If you snap your wizard fingers and make MLK quotes your primary source for deciding policy, you piss off a lot of rich people, you probably piss off a considerable chunk of the middle class, and you have a lot of layabouts leeching off everyone else, buuuut... I don't think anyone starves. ...But I don't think there's any way to get black americans and whites to a level of trust where this is sustainable.
I prefer Malcolm X to MLK, because Malcolm made the intellectual journey and identified the Jew, while MLK was blindly puppeteered by them. Both were shot when they ceased being useful.
Take a few deep breaths, back the fuck up and re-group, Karen. Before he got old and cranky he was a fine stand-up comedian, and he was consistently a free speech advocate/absolutist, so I am not willing to hate him for his descent into cynicism or for his politics, which were typically progressive and unsurprising.
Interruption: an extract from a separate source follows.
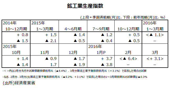 ●先⾏きの鉱⼯業⽣産指数を、2⽉分先⾏き試算値最頻値前⽉⽐(▲6.4%)、3⽉分製造⼯業予測指数前⽉⽐(+3.1%)で延⻑した場合1〜3⽉期の前期⽐は▲1.1%と2四半期ぶりの減少になる⾒込みだ。また、2⽉分、3⽉分とも製造⼯業予測指数前⽉⽐(▲5.2%、+3.1%)で延⻑した場合の1〜3⽉期前期⽐の試算値は▲0.3%とこちらも減少になってしまう。年明けの⾦融市場の混乱と併せ、主に特殊要因によるとはいえ、経済指標の弱含みが、⼈々の景況感を冷やさないか懸念される局⾯だ。

I repeat, he was a comedian. A funny man. A clown. You only care about his personal politics because he had the room to inflict them upon a large audience. Like anyone else, you're free to rag on him and not listen to his later raving bullshit, but before you subjected us to this hissy-fit, you might have considered the man's history, his body of work, and his cultural context--that's what you do with artists.
And you have no room to call anyone "smug" after belching out this bit of knee-jerk nonsense.
lol imagine having any serious opinions about Kurt Cobain in current year.